Activists march in Washington, D.C., in support of voting rights on MLK Day

WASHINGTON, D.C. (NBC) – A large group of protesters gathered on Martin Luther King Jr. Day in Washington, D.C., to honor the late civil rights leader with a march to call on Congress to pass voting rights measures that are stalled in the Senate.

The march began at the Frederick Douglas Memorial Bridge and made its way to the Ambassador Baptist Church as demonstrators called for the passage of the John R. Lewis Voting Rights Advancement Act.
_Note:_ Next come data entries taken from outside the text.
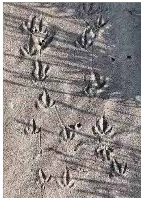
Paw prints of Collared Pratincole, Gruissan, July 2025
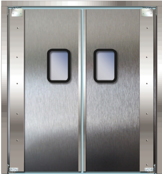
Model 5000SS with reinforced spine.
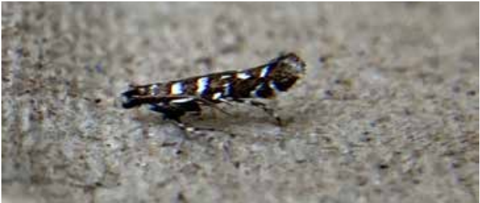
CLOVER SLENDER (TH)

14.009 Lime Bent-wing Bucculatrix thoracella 2006: Capel Road: 27 July (PF) 2013: Capel Road: 11 June (PF)
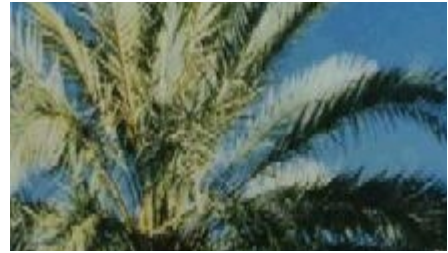
A tree affected by Fusarium oxysporum f.sp. albedinis showing wet feather symptoms
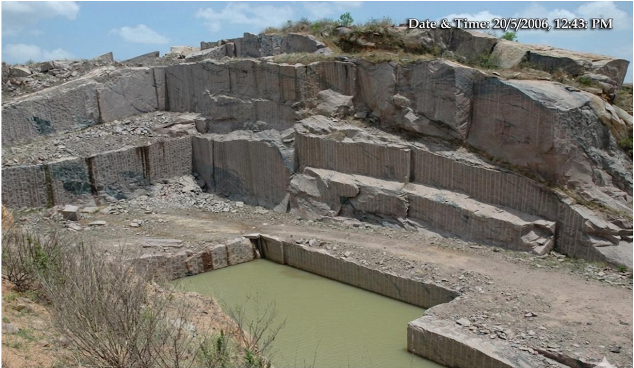
Figure 13: MML, 42 Of Nidagallu Site 3, Quarry Pit-1, Within 100 Mts,(Active)
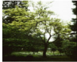
T11323 Fraxinus excelsior 'Auereo-variegata'
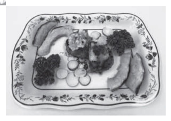
Judges' Choice / Chikura Eateries Association Prize

~How to Make Award Winning Food~ #3 http://civil.mboso-etoko.jp/chisan-chisho/recipe/
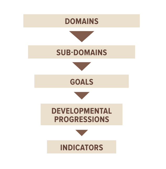
FIGURE 1: FRAMEWORK ORGANIZATION

Each domain is related to and influences the others. For example, as preschoolers' working memory develops (a component of Approaches to Learning), their ability to follow multiple-step instructions improves, and their ability to learn complex math concepts increases.
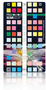
JBL ProScan ColorCard
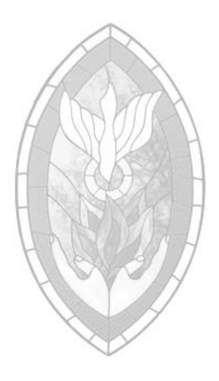
May 23, 2021
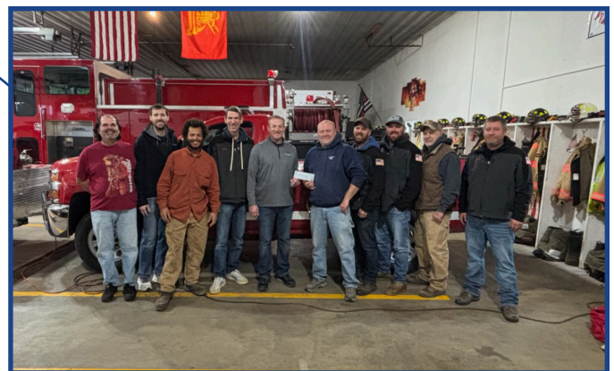
Storden Fire Department received $1500.00 towards a grass rig pumper replacement.
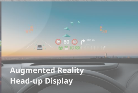
Augmented Reality Head-up Display
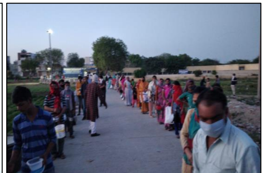
Roseate Hotel's Distribution of meals in Delhi
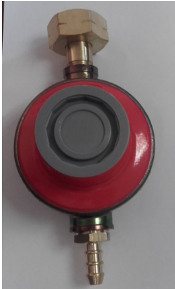
Photograph 1: Regulators
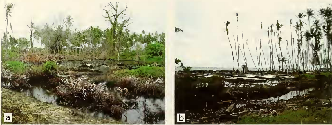
Figure 4. Terrestrial tsunami damage at Pulau Baleh showing (a) dead vegetation along the coast and (b) foundations of buildings that have been washed away by the tsunami wave.

The houses remaining along the seafront were noted to all have a clear brown mark at approximately 80 cm height up their walls (Fig. 5). It seemed strange for this water mark to remain so clear 10 months after the tsunami hit, but having spoken to the islanders it became apparent that this was an effect of the earthquake as opposed to the tsunami wave. The island had subsided as a result of the December 2004 earthquake and as a result, the buildings along the seafront are now inundated with up to 1 m of water during each high tide. Presumably the coral reefs surrounding these islands must also have submerged by a similar amount, converting intertidal reef-flat communities into subtidal ones.
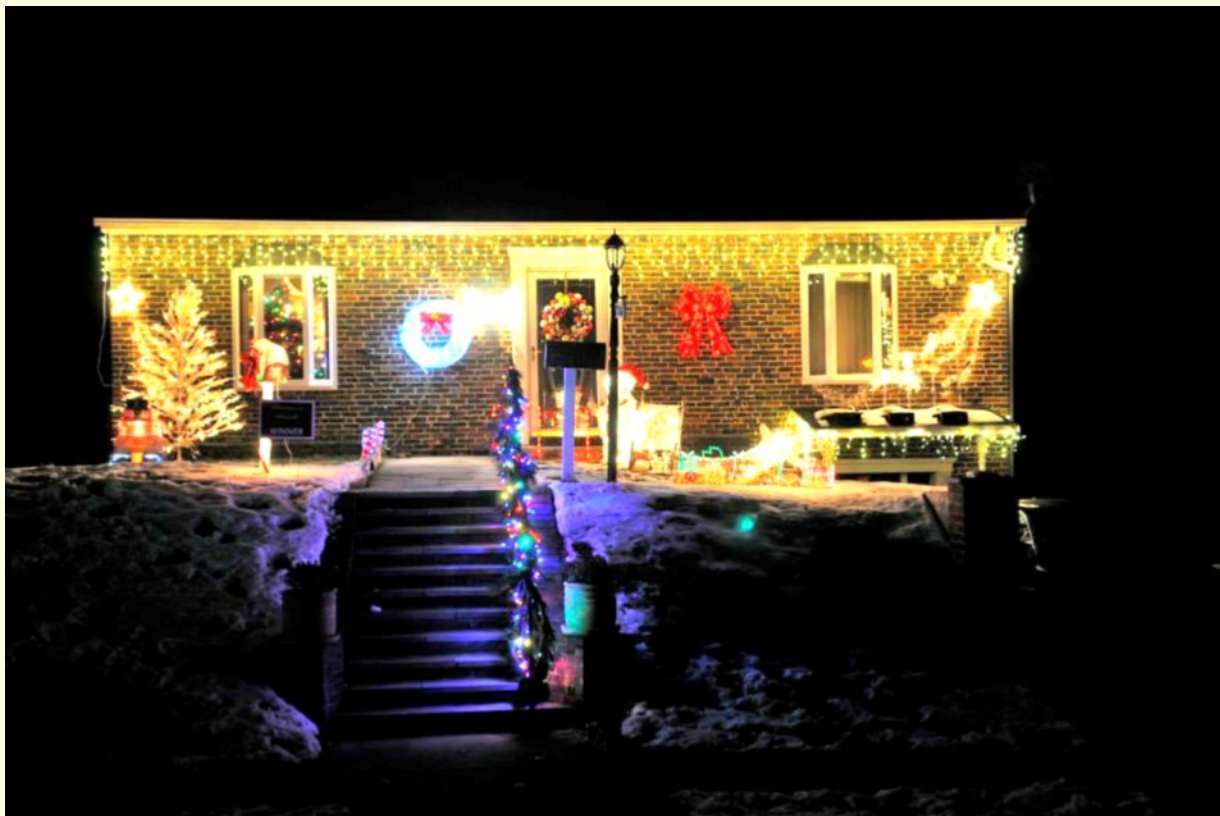
Most Commercial: 726 Overbrook Road
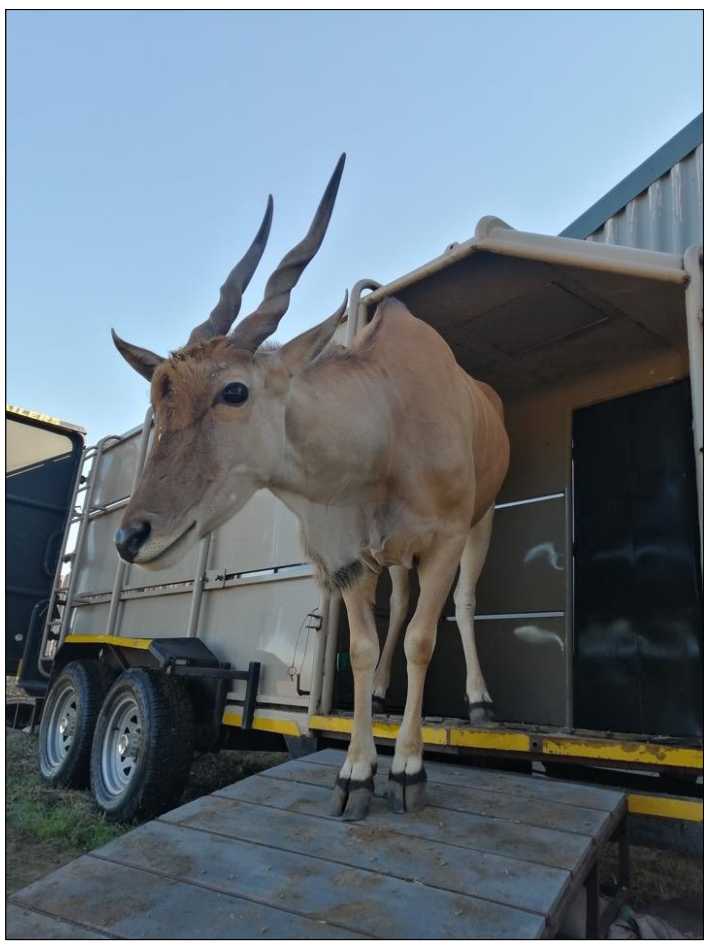
Berni in trailer training
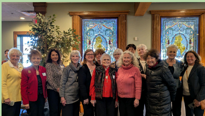
Community Garden Club of Liberty Members

Thank you again to the Community Garden Club of Liberty for a fabulous day!
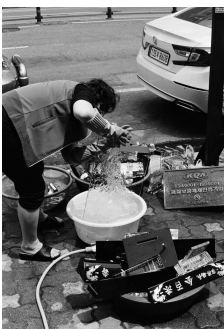
Federico Hurth, Untitled Seoul, 2024 C-print, framed 40 x 30 cm 1/5
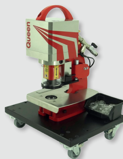
Queen with wheels
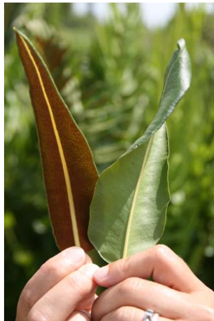
Left: Fertile leaflet covered with a mat of spores Right: Non-fertile leaflet is not capable of spore production.
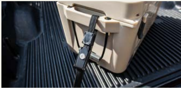
STEELCORE SECURITY STRAP
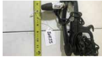
Lot#20455. Fence Stretcher, patented July 30, 80
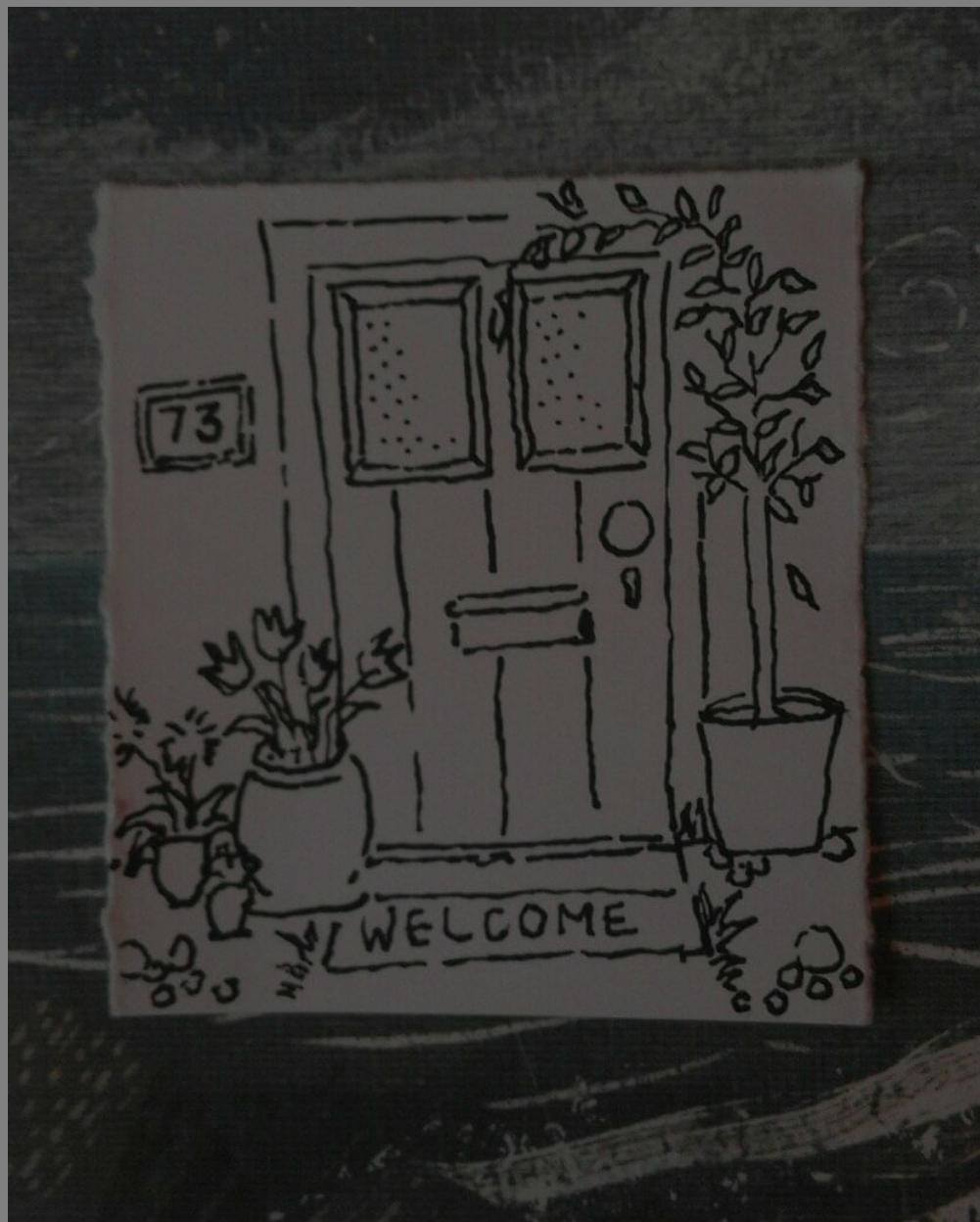
Photo: My home is

It was delightful to see the creative, colourful, hopeful response from all our members – all our members took part at least once. A WhatsApp group was soon created as a supplementary medium for these creative exchanges and for making new suggestions for themes. This increased the engagement level dramatically and helped unleash the creative self in each one of us.
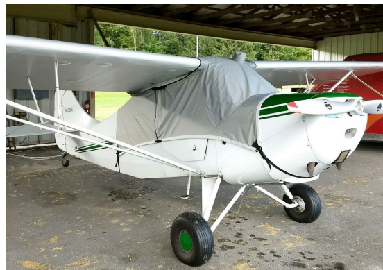
Aeronca Champ Light Weight Travel Canopy Cover, Over-Top Style
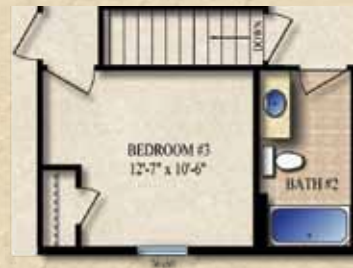
OPTIONAL BASEMENT STAIRWELL MOOD ONLY
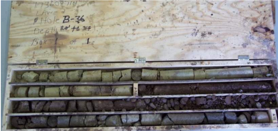
Figure 16 – Boring B-036-0-11, Box 1 of 1. Depth 11.0' to 31.4'.
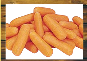
Baby Peeled Carrots
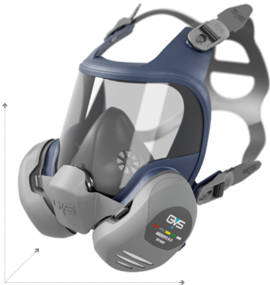
H: 178 mm D: 130 mm W: 166 mm
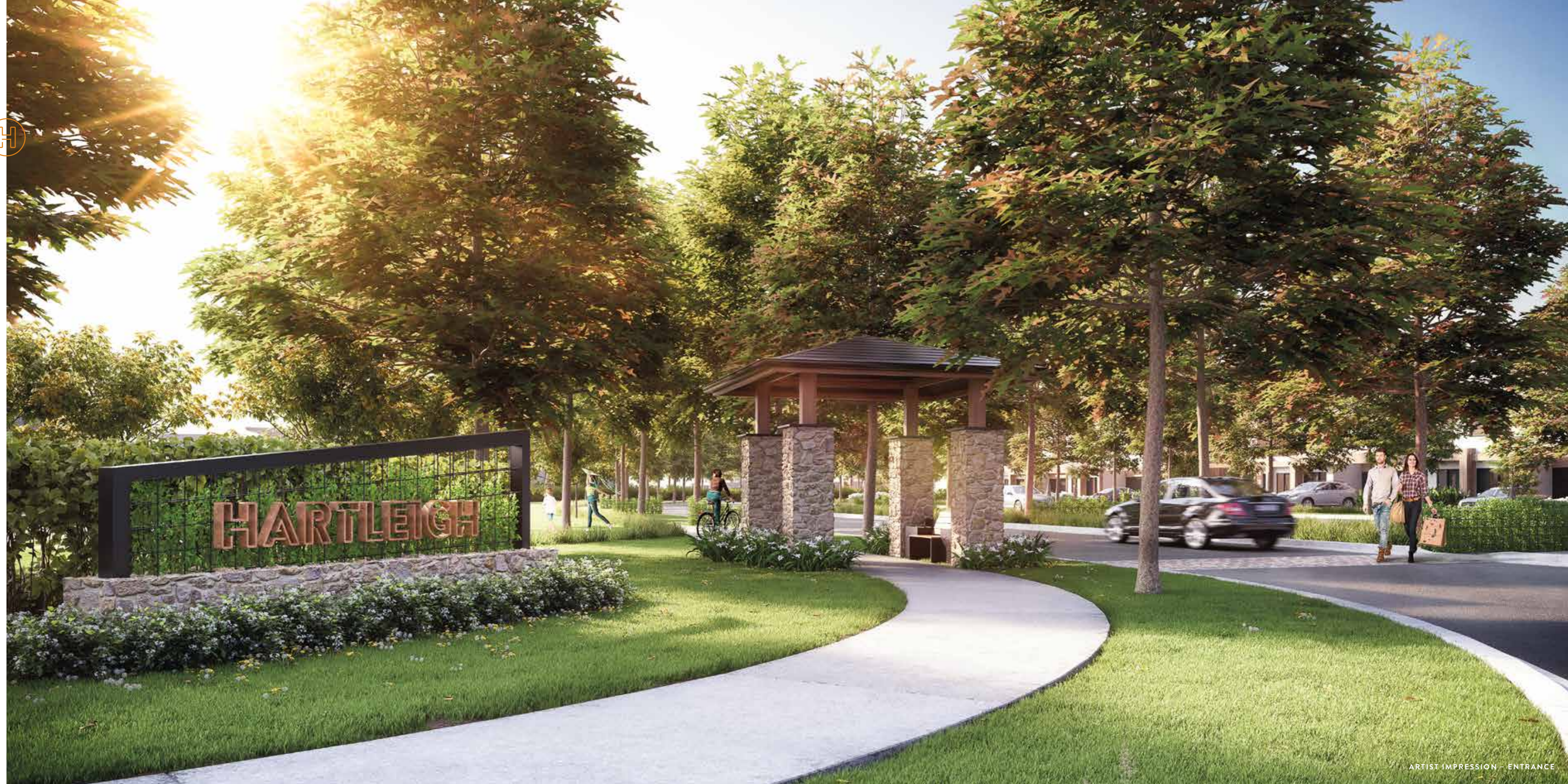
ARTIST IMPRESSION - ENTRANCE
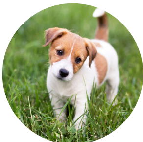
MOVING YOUR PET TO IRELAND
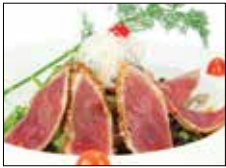
Pepper Tuna Tataki Salad
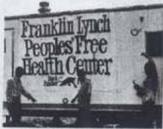
People point out some of the bullet holes.
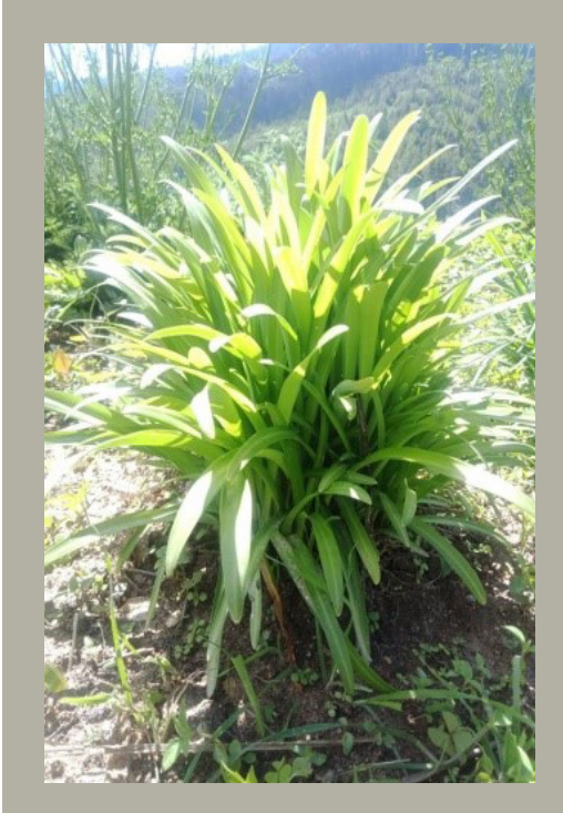
Figure 12: Chives, MAP, Yusipang
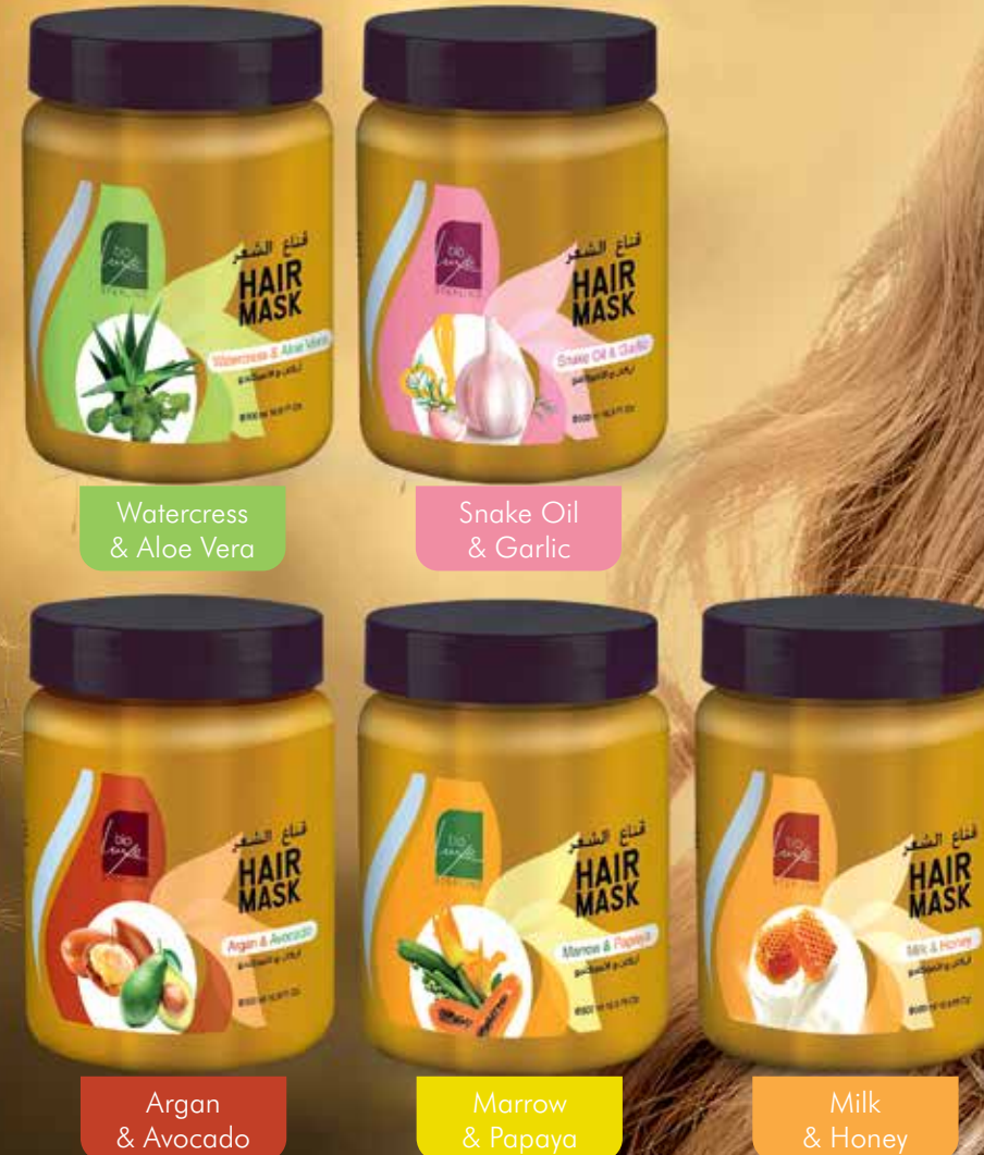
Watercress & Aloe Vera

“Voting rights are important for all of us,” said James Williams, former chief of staff for John Lewis. “If they come after the voting rights of African Americans, they’re going to come for the voting rights of whoever they want.  It’s like Angela Davis once said: ‘If they come for me in the morning, they’ll come for you at night.’  The right to vote is precious.  It’s almost sacred.  And if we don’t have the right to vote, we have the right for nothing else in this democracy.  So that’s why I’m here.  I’m not here for myself.  I’m here for my grandchildren.  I’m here for my great-grandchildren.  I’m here for you, young fella, so that you can exercise that right to vote. That’s why I’m here.”

The bill has passed the House but not the Senate, where Republicans are also using the filibuster to keep the bill in check. Also, some Democrats are concerned about changing filibuster rules to force the bill through, thereby setting an uncertain precedent. That said, the people in Monday’s crowd are not giving up the fight for voter rights.